First of all, the foundation: statistics, algebra and calculus. Vector, matrix and tensor math is absolutely a must. Let’s not forget that datasets after all can be handled as large matrices! Moving on specifically on the topic of machine learning: a good understanding of the role of bias and variance for predictive models. Understanding the reasons for models and parameters regularization. Model cross-validation techniques. Data bootstrapping and bagging. Also I believe that cost based, gradient iterative optimization methods are a must, as they implement the “learning” for four very powerful classes of machine learning algorithms: glm’s, boosted trees, svm and kernel methods, neural networks. Last but not least an introduction to Bayesian statistics. I know it's quite a list, but hey, data scientists are not made in a day.
Q3. What are the most effective machine learning algorithms?

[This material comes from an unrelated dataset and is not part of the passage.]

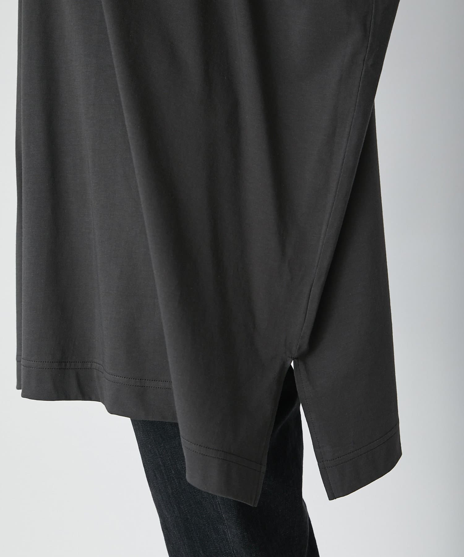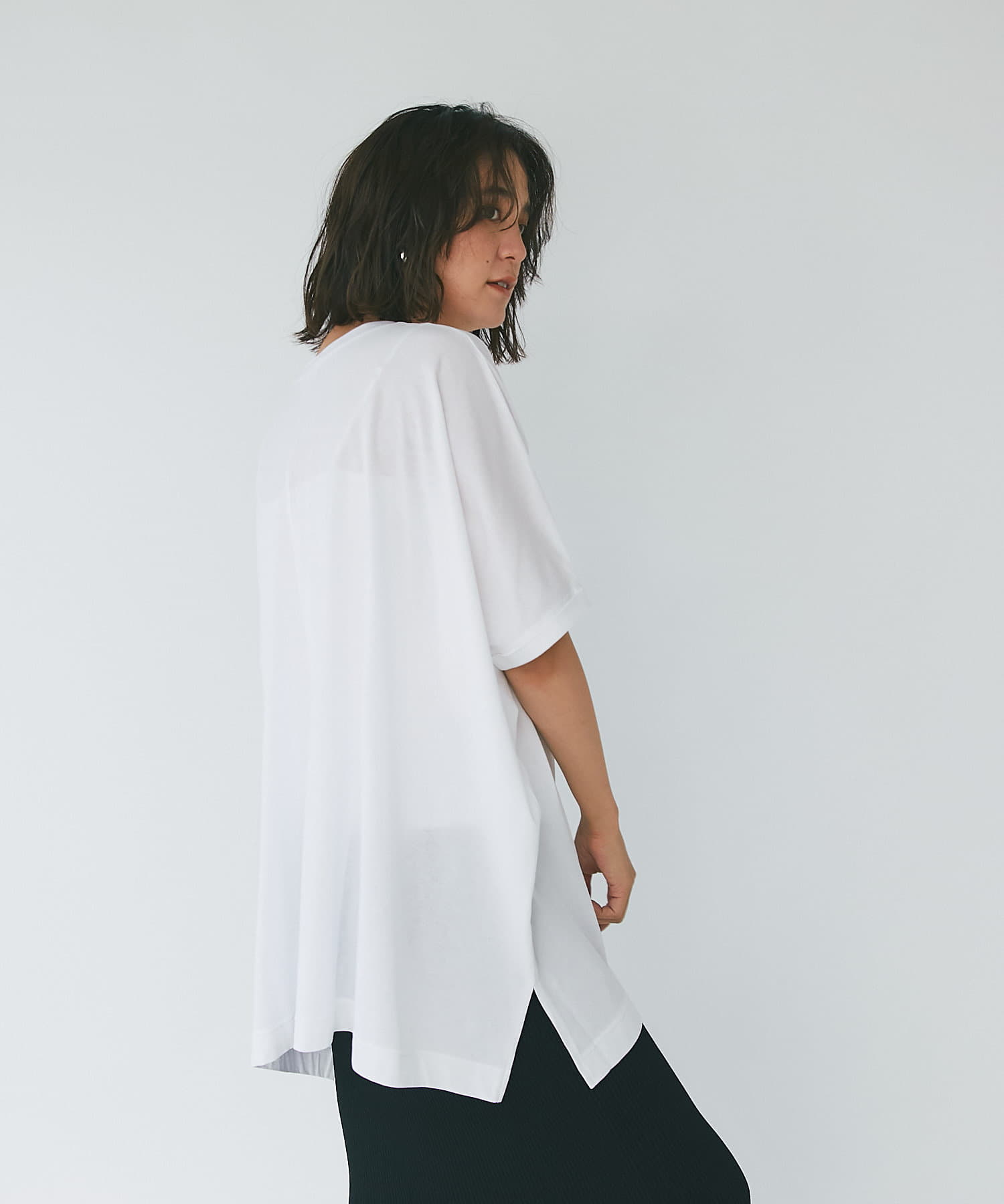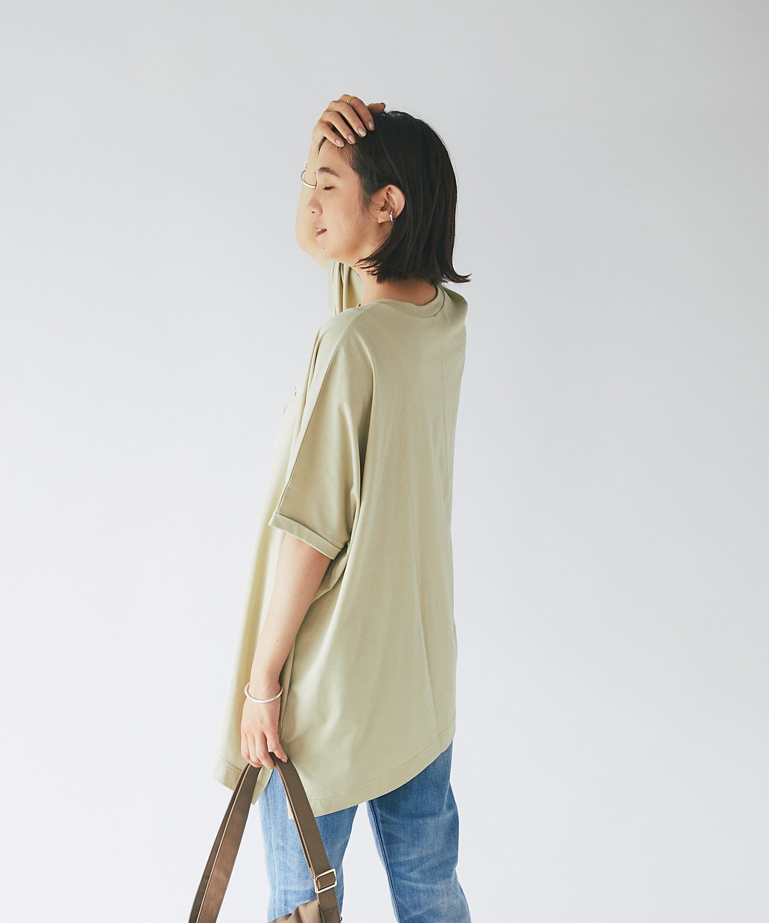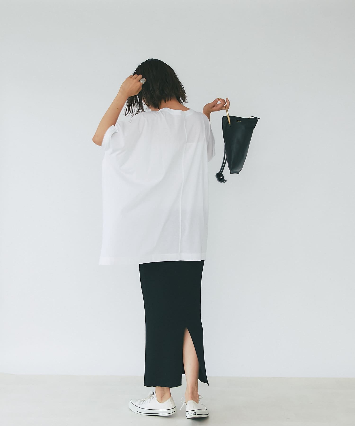 身幅や丈感のある安心感のあるデザインとなっているので、ボトムを選ばずに着用できます。

Regularized Generalized Linear Models, and their further generalization as Artificial Neural Networks (ANN’s), Boosted and Random Forests. Also I am very interested in dimensionality reduction and unsupervised machine learning algorithms, such as T-SNE, OPTICS, and TDA.
Q4. What is your experience with data blending?
Blending data from different domains and sources might increases the explanatory power of the model. However, it’s not always easy to determine beforehand if this data will improve the models. Data blending provide more features and the may or may be not correlated with what you wish to predict. It’s therefore very important to carefully validate the trained model using cross validation and other statistical methods such as variances analysis on the augmented dataset.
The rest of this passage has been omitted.